The murky responses have left staffers searching for bits of information elsewhere. Caplan noticed in May that a message had popped up on 21 Club’s TripAdvisor page listing the establishment as temporarily closed until May 9, 2022, but a Belmond spokesperson told Eater at the time that was an error that Belmond’s digital team was working to correct (as of publication, the date still stands). Duren heard a rumor that the spot would reopen as a private club with a luxury retail component, but the spokesperson reiterated that the company was not ready to announce “any final concept or timeframe.”
“They definitely plan to reopen,” Duren says. “Just not with the union.”
As time dragged on, 21 Club’s unionized staffers watched as elsewhere in the hospitality sphere, NYC’s hotel unions secured industry-wide pandemic labor protections including severance agreements amounting to four days of pay for each year worked — with no cap — plus recall rights, or the right to be called back to the same job if it were to open up again. Mayor Bill de Blasio also signed a bill into law in October requiring closed-down hotels to pay severance of $500 per week for 30 weeks for each laid-off employee if the property did not reopen by November 1.

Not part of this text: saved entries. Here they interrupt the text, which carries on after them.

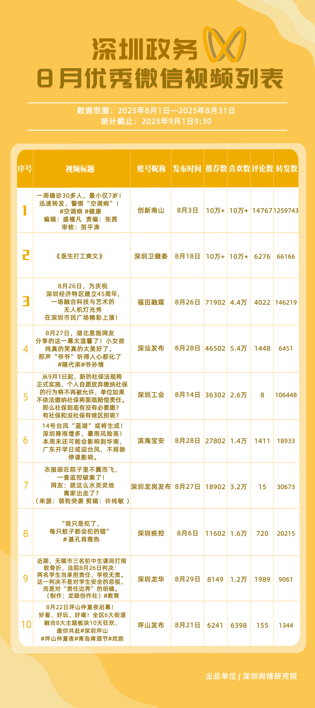 8月,“深圳衛(wèi)健委”“深汕發(fā)布”“深圳魅力福田”“深圳天氣”“掌上龍崗”“DOU愛龍華”“創(chuàng)新南山”“深圳普法”“文旅深圳”“美好鹽田”共10個政務抖音號獲得“優(yōu)秀政務抖音號”稱號?!吧钲谛l(wèi)健委”內容吸引大量網民關注,4條視頻累計獲得超50萬次點贊,排名從上期的第九名上升至第一名;“深汕發(fā)布”憑借較高的傳播指數評分,位列第二名,排名有所上升。“深圳魅力福田”“深圳天氣”等賬號緊隨其后,得分均在95分左右。上榜的優(yōu)秀政務抖音號深耕優(yōu)質創(chuàng)作,精準把握網民興趣點,使作品收獲高點贊、高轉發(fā),推動評論區(qū)形成良性互動氛圍,以優(yōu)秀內容提升政務傳播效能。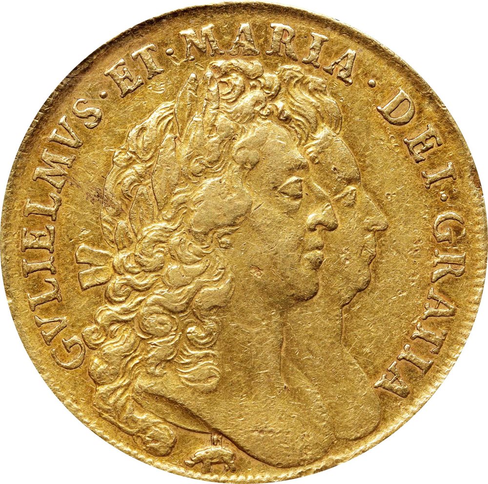 GREAT BRITAIN. 5 Guineas, 1691 Year TERTIO. London Mint. William III & Mary II. PCGS EF-40.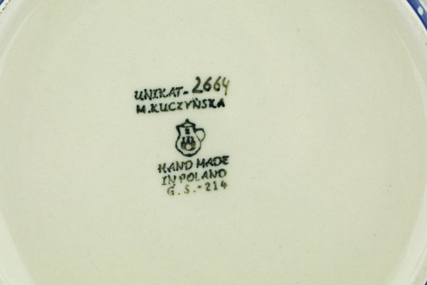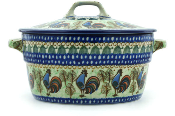 This Polish Pottery 9" Baker with Cover with Handles - Rooster Row is handmade and handpainted by the Ceramika Artystyczna factory in Boleslawiec, Poland.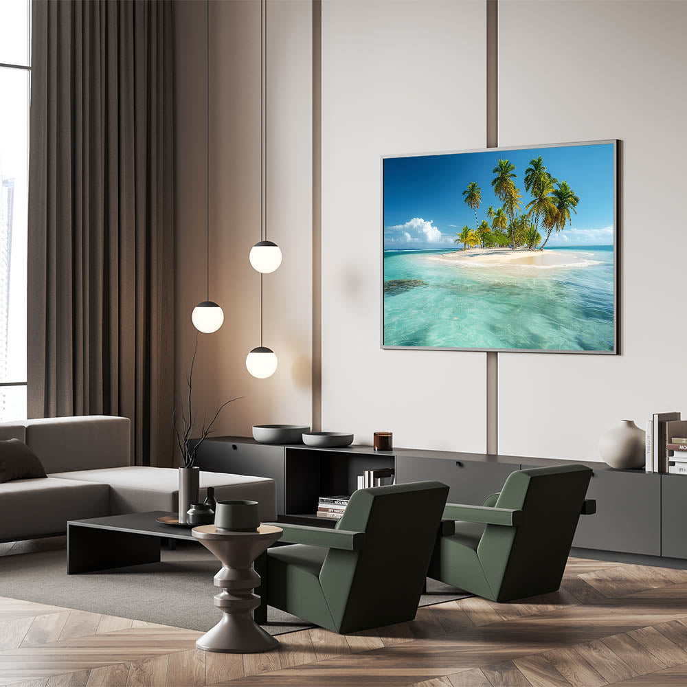 - Tropical Island Scene: A breathtaking image of a palm tree-covered island surrounded by turquoise waters, ideal for creating a serene and refreshing atmosphere.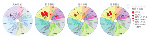 应用KINOMEscan平台测定显示,奥布替尼有更精准的激酶选择性。在对456种激酶的选择性检测中,1 µmol/L奥布替尼仅对BTK的抑制作用超过90%,对其他激酶没有明显抑制作用(图2)[4,5],提示奥布替尼靶区更集中,对其他非目标靶点抑制作用小,拥有最佳激酶选择性。
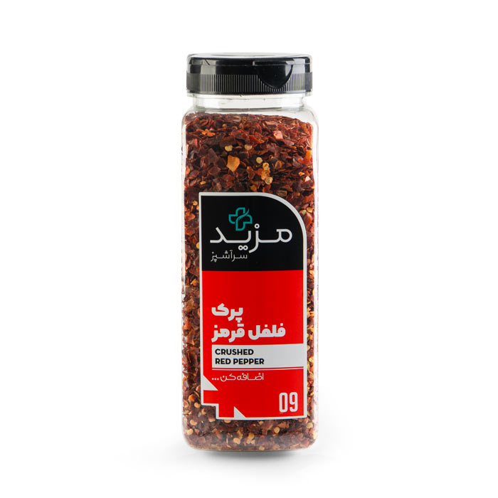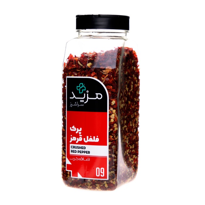 پرک فلفل قرمز مزید از پرک کردن بهترین فلفل های قرمز دستچین تولید شده و طعم میوه ای با تندی خاص را به غذا میدهد. کاربرد آن گسترده بوده و ترکیب خوبی با پیتزا، پاستا، خورش، سوپ و تاکو دارد.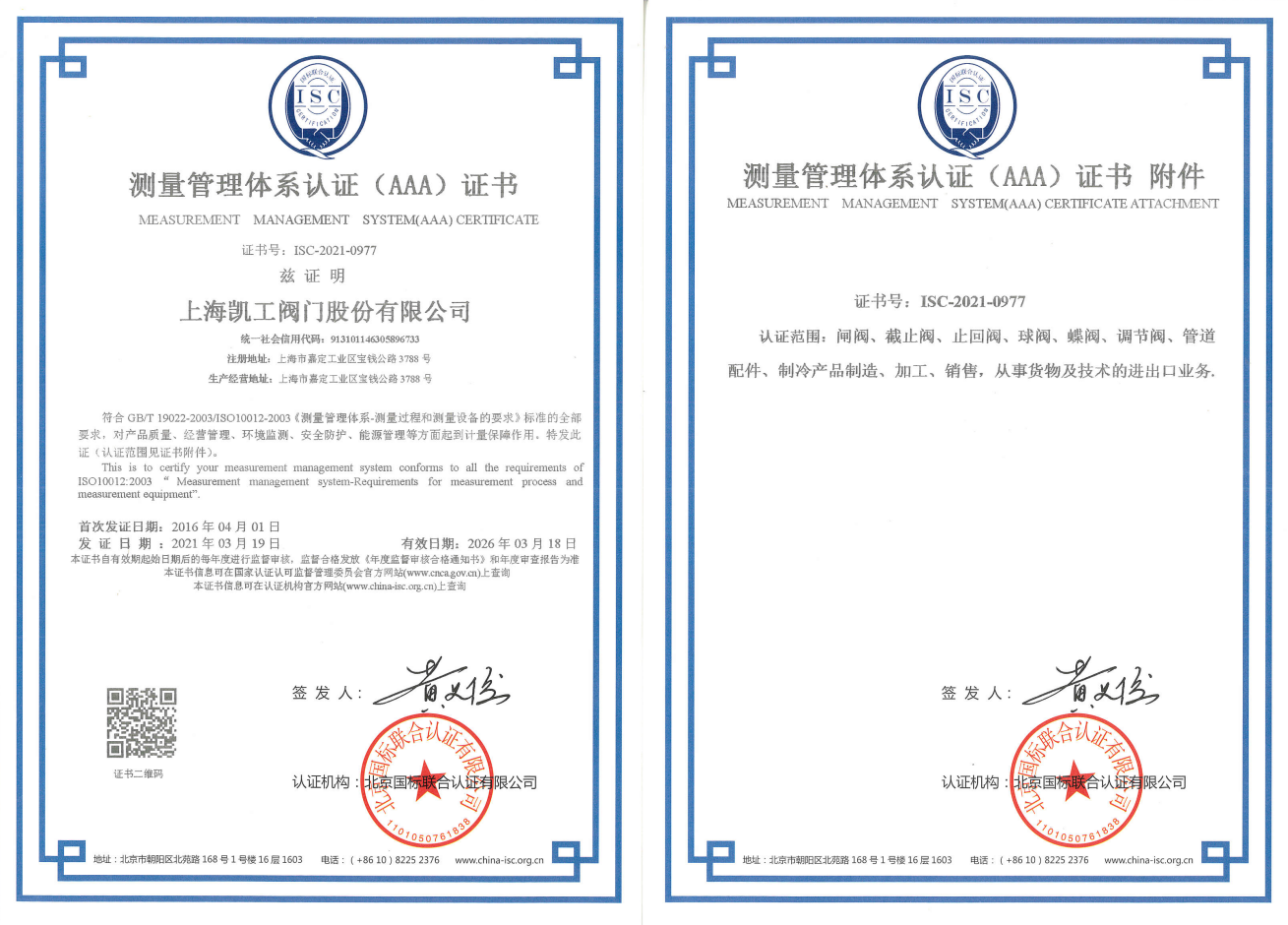 測(cè)量管理體系證書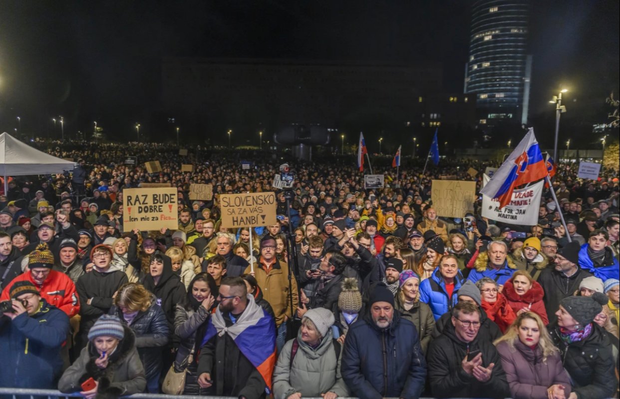 Тільки на центральній площі Братислави на акцію вийшли близько 20 тис. людей. Натовп скандував: «Мафія, мафія» і «З нас досить Фіцо». Протести пройшли відносно спокійно, сутичок не спостерігалося.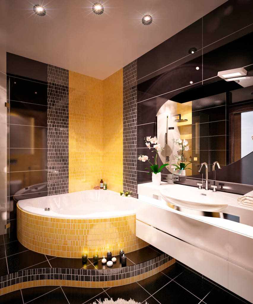 Угловая ванна станет центром любой современной ванной комнаты. Перед ее покупкой можно посмотреть множество фото идей дизайна 2020 года. Несложно найти тот, который соответствует личным вкусовым предпочтениям.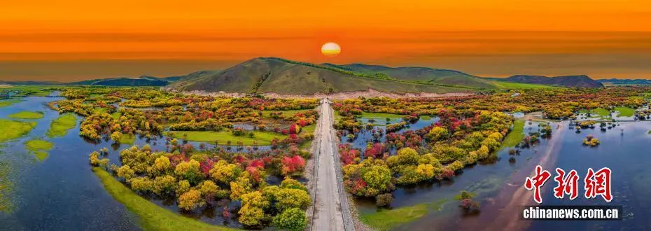 近日,内蒙古自治区呼伦贝尔额尔古纳市秋意正浓。湿地褪去青绿,漫滩草甸染成金黄,蜿蜒水流倒映着蓝天与岸边的彩林,宛如大地铺开的斑斓锦缎;不远处的白桦林更成了“天然画布”,金黄叶片在阳光下闪烁,风过时满林“碎金”摇曳,每一处景致都成了摄影爱好者眼中不容错过的秋日浪漫美景。图为金黄、橙红、橘红等色彩交织在一起,美不胜收。武飞虎 摄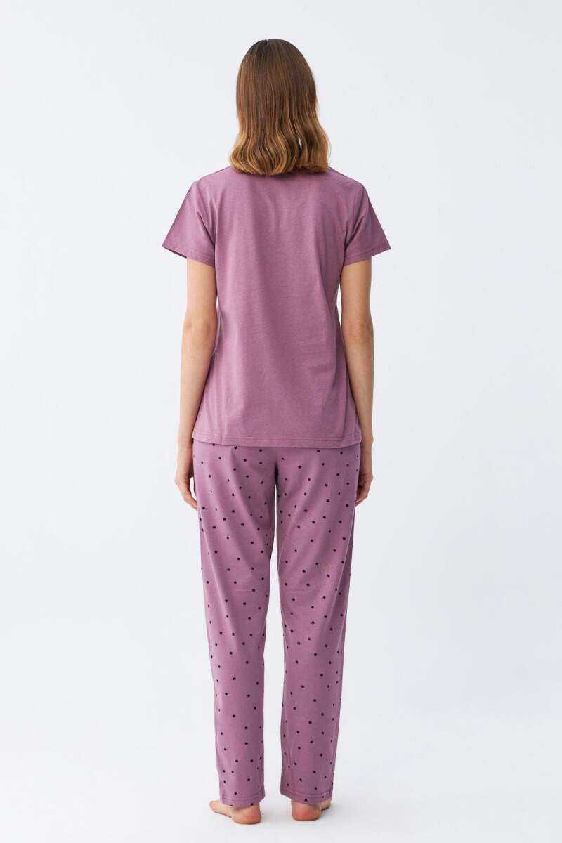 Angelino Kadın Mor Yıldız Desenli Penye Kısa Kol Pijama Takımı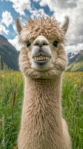 Obraz premium A beautiful longhaired person with flowing hair showing a joyful expression...
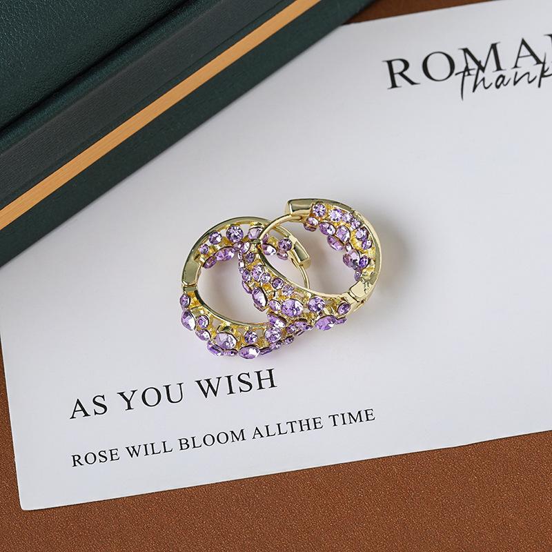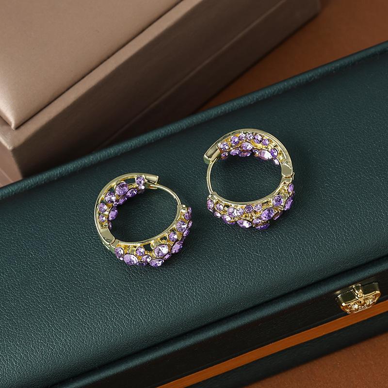 Pendientes de hada púrpura con diamantes huecos, elegantes y de alta gama, de estilo francés, retro, de lujo, para mujer.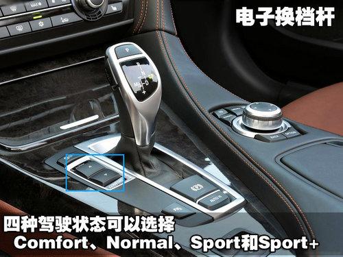 电子换档杆和按钮式驻车制动系统,敞篷开关和驾驶模式选择按钮都简约的集成在了中央控制模块,iDrive系统的操控旋钮为了与驾驶操作系统独立区分,而被巧妙设置在了真皮覆盖的操控区偏乘客一侧。新6系有在动态阻尼控制系统的配合下有四种驾驶状态可以选择,分别是Comfort、Normal、Sport和Sport+四种模式。
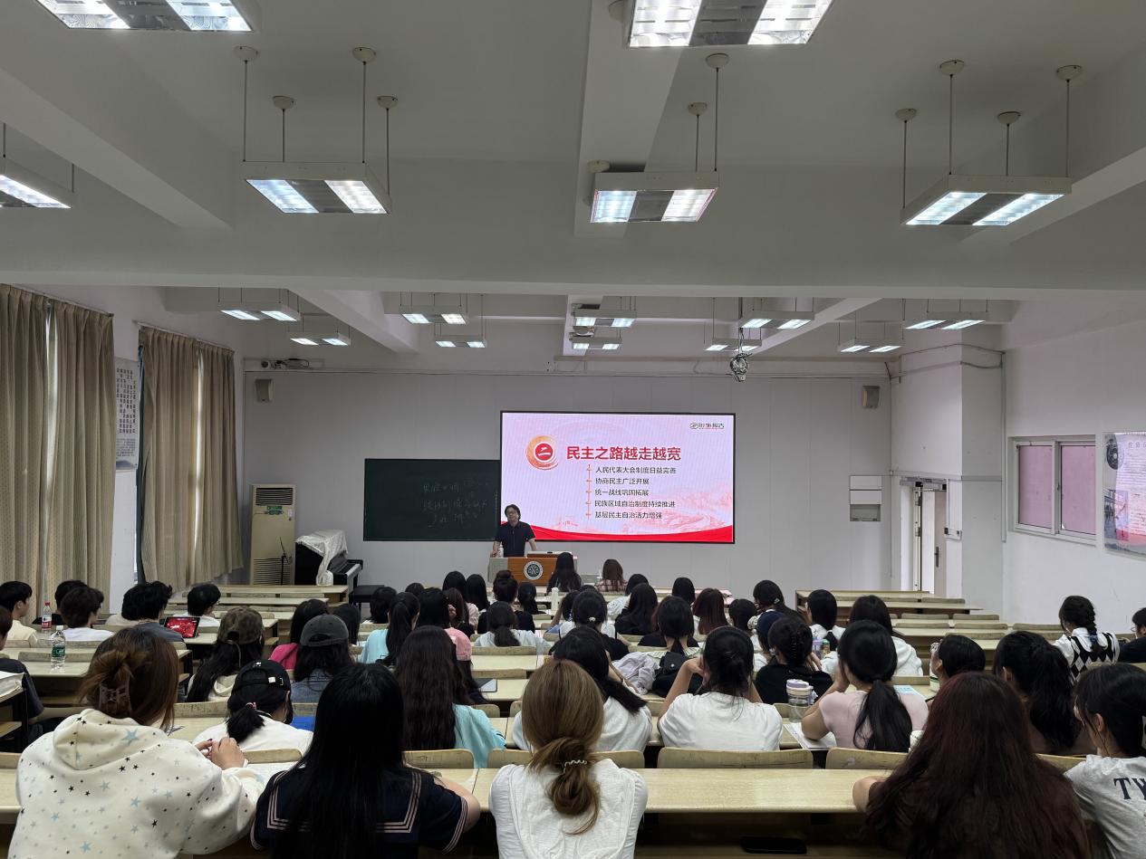 徐青带领同学们从经济持续健康发展、民主之路越走越宽、文化发展更加繁荣、人民生活极大改善、美丽中国焕发新颜五个方面回顾了中国共产党带领中华民族从艰难走向辉煌的历程。通过详实的数据和生动的案例,他带领同学们着重回顾了中华人民共和国成立75年以来经济持续健康发展和人民生活极大改善两大方面,特别是近年来我国在科技创新、经济发展、对外开放、人民生活水平显著提高等方面取得的辉煌成就,激发了同学们的爱国情怀和民族自豪感。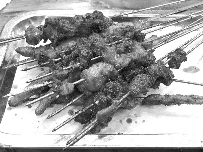 一般到下午四五點(diǎn)鐘就賣完了,把生意留給對(duì)面的烤肉??救鈱儆诟煽镜牧髋?,每一串都是三瘦一肥,很香。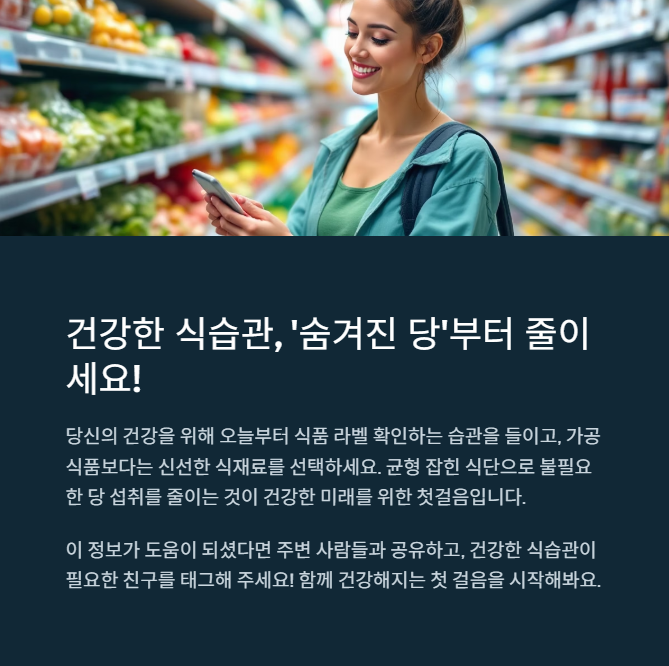 작은 습관 하나가 우리 건강에 큰 차이를 만든다는 사실, 믿어지시나요? 이제부터라도 식품 라벨 한 번 더 확인하고, 당류 함량을 의식적으로 줄여보세요. 처음엔 귀찮고 번거로울 수 있지만, 몸이 점점 가벼워지는 걸 느끼게 될 거예요.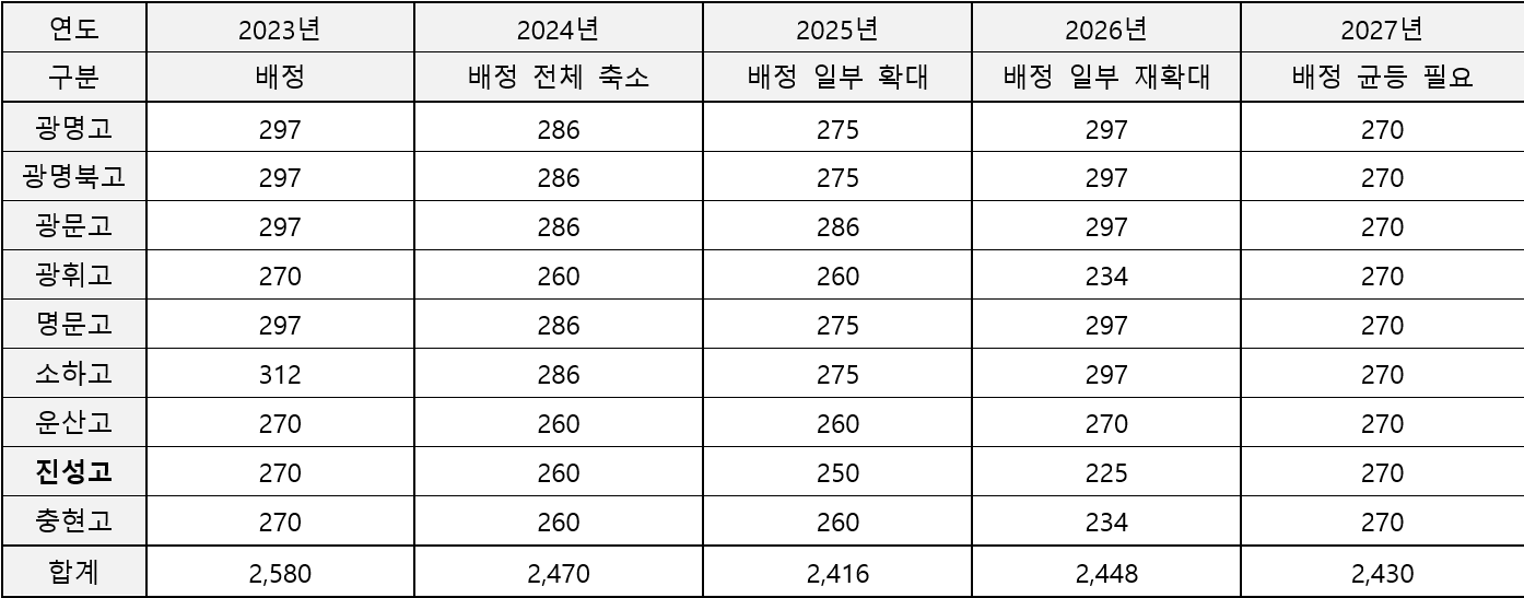 6. 광명시 9개 고교 정원 재조정 및 평준화 원칙 회복
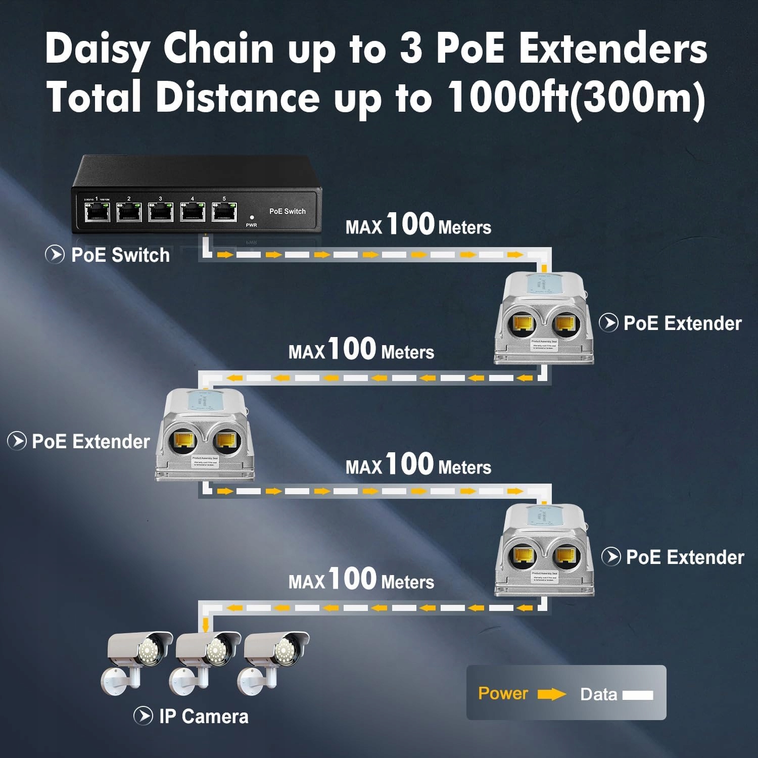 Простий у встановленні: Власник стін, підтримує входи та виходи з високою потужністю, що підходить для багатьох позицій. Сумісний з 3 -ма каскадними рівнями, ви можете підключити POE AP, камеру, телефонні та інші пристрої POE.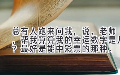 八字测算幸运数字 ,这事儿有,但绝对不是你们想的那样,一翻书,啪,你的数字是8,从此你就抱着8过一辈子。要是这么简单,那懂命理的人岂不个个都是亿万富翁了?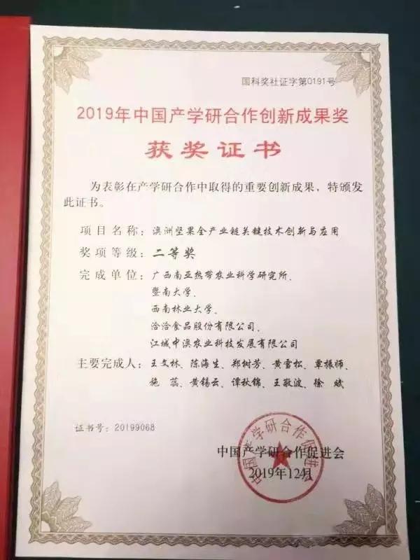 12月31日,第十三屆中國產(chǎn)學研合作創(chuàng)新大會在北京隆重召開,洽洽受邀參加此次大會及頒獎典禮。會上,由洽洽、南亞所、暨南大學、西南林業(yè)大學和江城中澳農(nóng)業(yè)科技發(fā)展有限公司共同申報的“澳洲堅果全產(chǎn)業(yè)鏈關鍵技術研究與應用”榮獲2019年中國產(chǎn)學研合作創(chuàng)新成果獎二等獎。

In the meantime, the workers were cut off from the company’s health insurance plan in September, according to emails reviewed by Eater, and 21 Club’s union contract expired at the end of October. The Belmond representative says that the company will continue to negotiate with the union’s leaders past the contract expiration, although they did not disclose the details or goals of those talks. According to NYC-based employment lawyer David Glanstein, companies with a unionized workforce are still generally required to bargain with union members past contract expiration, in accordance with federal labor laws.
For the former employees of the 21 Club, the past year has been a bitter end to what many saw as one of the best jobs in the industry, in part because of its union protections. “This was the last restaurant I wanted to work in,” Duren says. “I had no plans to go anywhere else.”